Un nouveau gouvernement n’obtiendra jamais la confiance des députés s’il n’est pas conforme au bon vouloir des islamistes
Un nouveau gouvernement n’obtiendra jamais la confiance des députés s’il n’est pas conforme au bon vouloir des islamistes et s’il n’obéit pas à la stérile logique de “prorata parte”, naturellement en fonction de la taille des groupes parlementaires, ce qui a peu de chance d’aboutir à l’émergence de détenteurs de portefeuille compétents, efficaces avec une feuille de route cadrée et des objectifs ciblés.
La tenue de nouvelles élections législatives dans les mêmes conditions que les précédentes donnera naissance à grosso modo quatre groupes parlementaires desquels ne se dégagera pas une majorité nette capable d’appuyer un gouvernement monochrome pour appliquer aisément le programme d’un parti ; et on retombera inéluctablement dans le jeu perfide des alliances. D’où, retour à la case départ …
Le président de la République, clé de voûte mais…
Il est paradoxalement vrai que le président de la République est élu au suffrage universel direct mais ne jouit que de peu de prérogatives. Il n’est donc pas dénué de sens d’appeler à lui attribuer raisonnablement plus de pouvoir, mais tout le problème réside dans l’alchimie d’un bon dosage pour éviter les dérives d’une gouvernance d’un président jupitérien ou qui devrait subir l’adversité d’une cohabitation, la cinquième République en France en est un exemple …
la solution du problème réside dans le déminage de la Constitution dont le parti islamiste en a fait ses choux gras
Ce n’est certainement pas la panacée, mais je suis intimement persuadé que la solution du problème réside dans le déminage de la Constitution dont le parti islamiste en a fait ses choux gras, et plus particulièrement dans la décontamination du code électoral et de l’instance qui y veille, qu’il faudrait impérativement changer, l’actuel ne servant que le parti islamiste et ses alliés opportunistes.
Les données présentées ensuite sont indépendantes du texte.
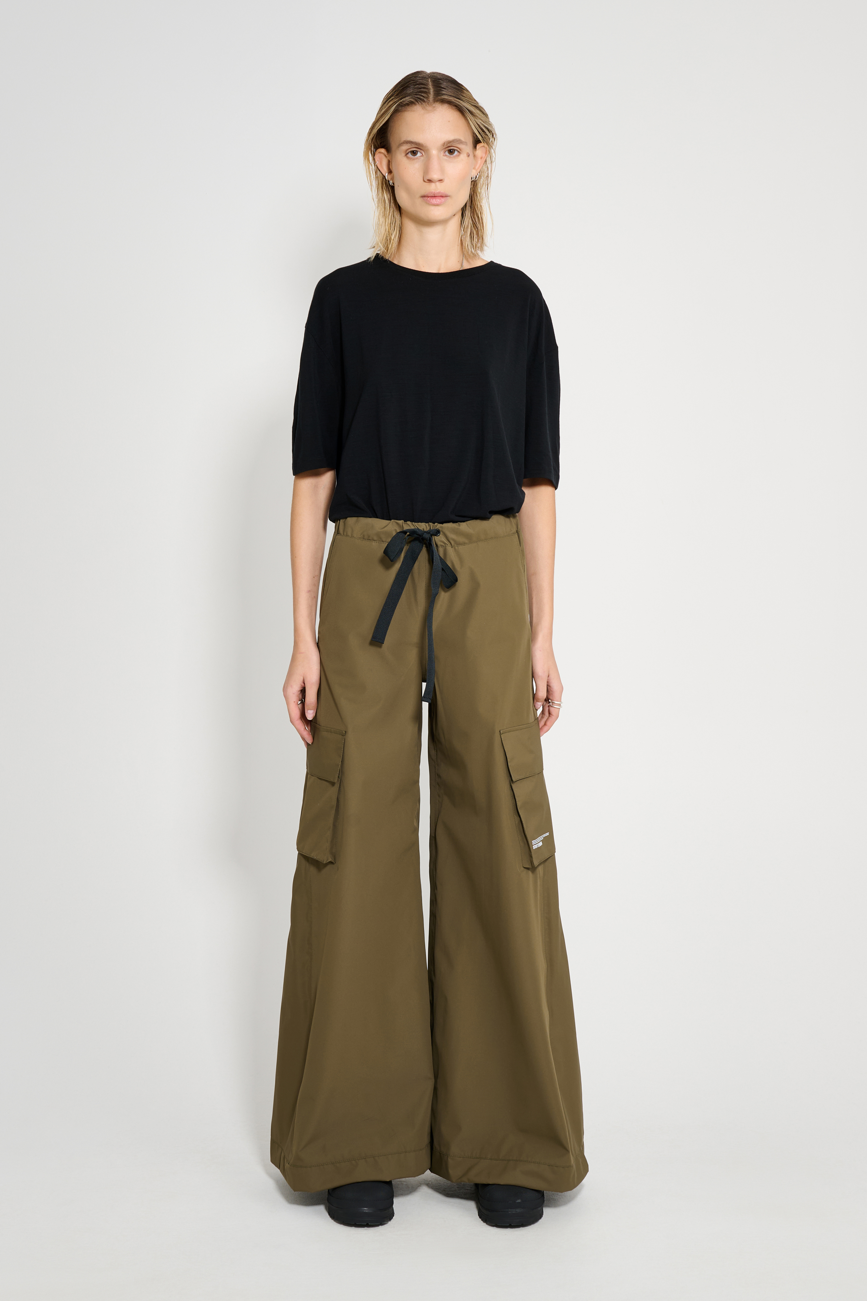 Karla Pocket Lightweight are flared trousers for women in a light and breathable nylon fabric. These high-waist trousers have taped inside seams, making them resistant to wind and rain. The wide legs are decorated with large patch pockets on each thigh, offering both functionality and a style statement.

Dans cette optique, on doit absolument se débarrasser du vote sur les listes et de cette règle malsaine des plus grands reliquats.
Qu’à cela ne tienne, me diriez-vous. Ce n’est pas un obstacle incontournable et cela doit pouvoir se faire sans trop de difficultés. Certainement, mais une telle initiative ne peut voir le jour que sous l’impulsion du président de la République, mais encore faudrait-il que ce dernier ose franchir le pas et le demander, lui qui peine à oser un sourire pendant un discours.
Cela ne peut se faire que sous l’impulsion du président de la République, or ce dernier n’ose même pas un sourire pendant un discours
Cette démarche requiert beaucoup de courage, une forte détermination et de la pondération. Son instigateur doit être directif, voire cassant, des qualités que je ne reconnais pas chez l’actuel locataire de Carthage, qui nous a plus habitué à des réactions intempestives et des déclarations tonitruantes, à nous alambiquer l’esprit, suscitant des émois et des surprises mais sans aucune concrétisation sur le terrain. Il s’époumone à dénoncer des dérives mais tarde à pousser ses bras pour vraiment influer.
Le président de la République est donc la clé de voûte de tout changement. Il doit avoir les coudées franches pour agir tous azimuts et dénouer une belle situation intriquée, qui fait le jeu de la confrérie et ne laisse pas augurer le meilleur pour le pays.